Similarly, ASD has been increasingly linked to altered purinergic signaling through the dysregulation of P2X7 and P2X4 receptors [347, 354]. Elevated extracellular ATP levels and overactivation of microglial P2X7 receptors have been observed in ASD models, correlating with increased expression of pro-inflammatory cytokines such as IL-6 and IL-1β. This neuroinflammatory state can impair synaptic pruning and neurogenesis, critical processes during early brain development [355]. Microglial cells exhibit exaggerated activation due to P2X7 stimulation, contributing to aberrant microglial engulfment of synaptic elements and a failure to appropriately regulate neuronal connectivity [86, 304]. Astrocytes, similarly, become reactive in ASD models, leading to excessive ATP release and disruption of normal neuronal-glial signaling pathways [356].

P2X4 receptor involvement in microglial motility and synaptic plasticity has also been implicated in ASD, with aberrant activity contributing to altered neuronal circuit formation and behavioral abnormalities, such as deficits in social interaction and sensory processing [310]. Notably, microglial P2X4 activation has been associated with impaired phagocytic clearance of apoptotic cells and debris, further compromising the neurodevelopmental environment [357].

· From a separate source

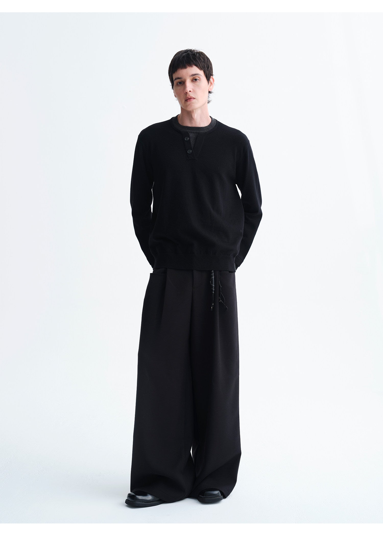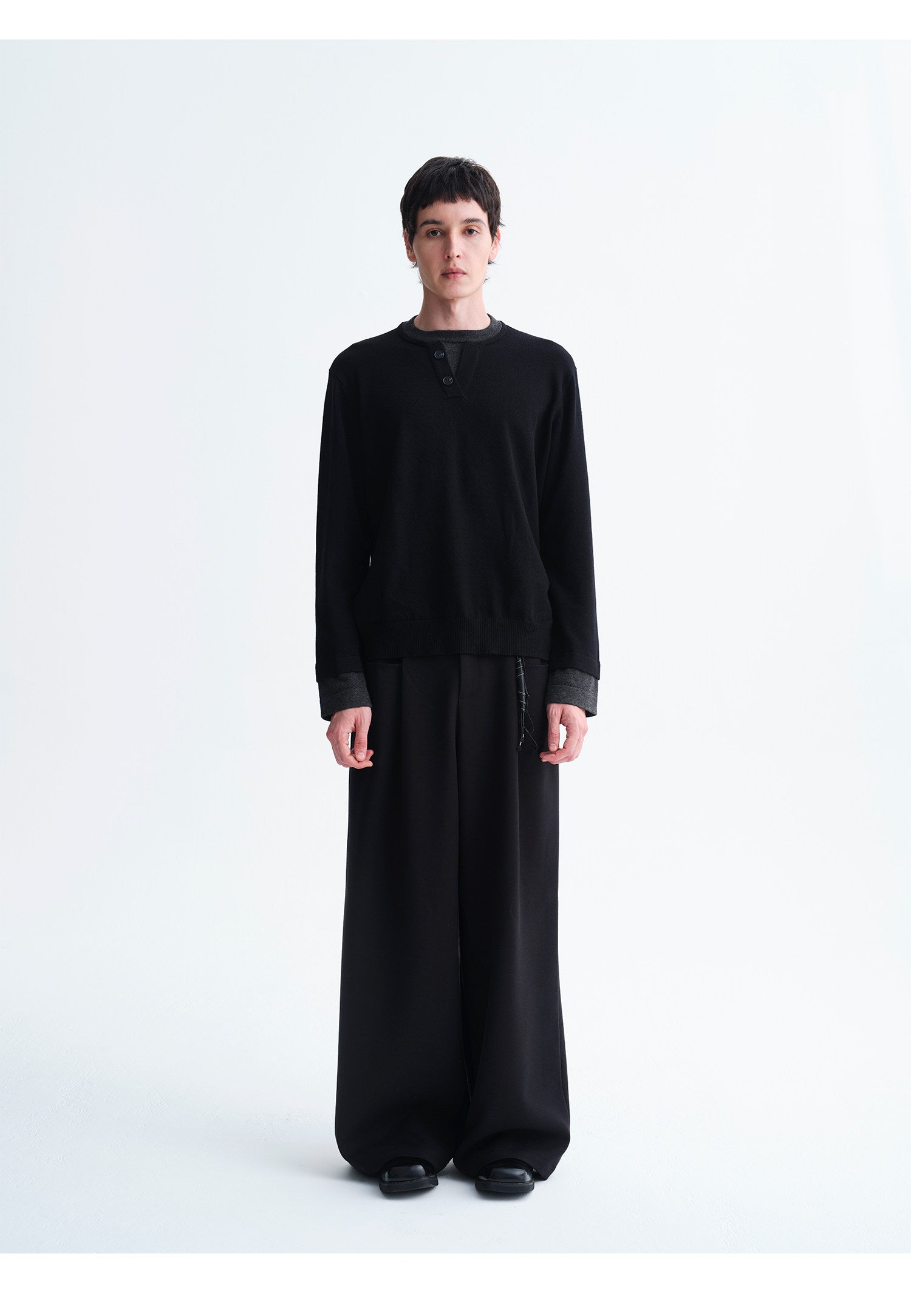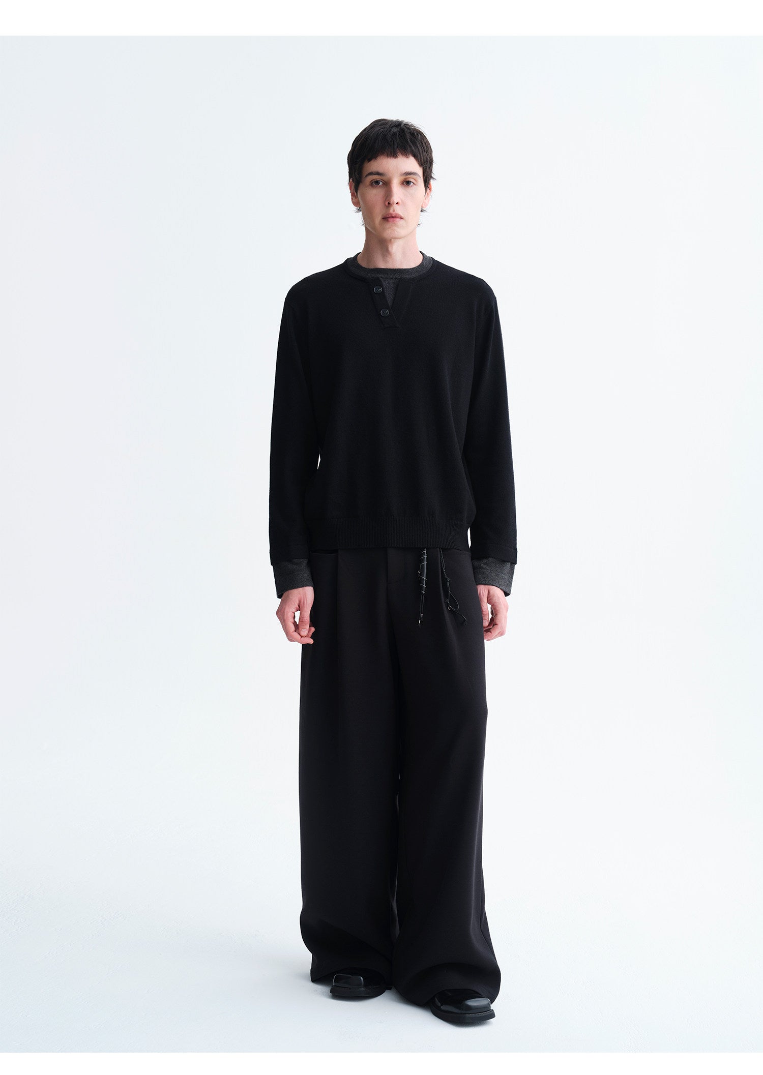 Faux Two-Piece Henley Collar Sweater

Therapeutically, targeting the P2X7 receptor has emerged as a promising strategy for mitigating neuroinflammation and its pathological consequences in both Rett syndrome and ASD. Pharmacological inhibitors of P2X7, such as Brilliant Blue G and selective small-molecule antagonists, have shown potential in reducing microglial activation and pro-inflammatory cytokine release in preclinical models [358]. Additionally, genetic approaches, such as conditional knockout models, have demonstrated reduced neuroinflammation and improved synaptic function [222], highlighting the receptor’s role as a viable therapeutic target. Targeting astrocyte activation through P2X7 inhibition may also restore synaptic homeostasis and limit glutamate excitotoxicity in both disorders [359].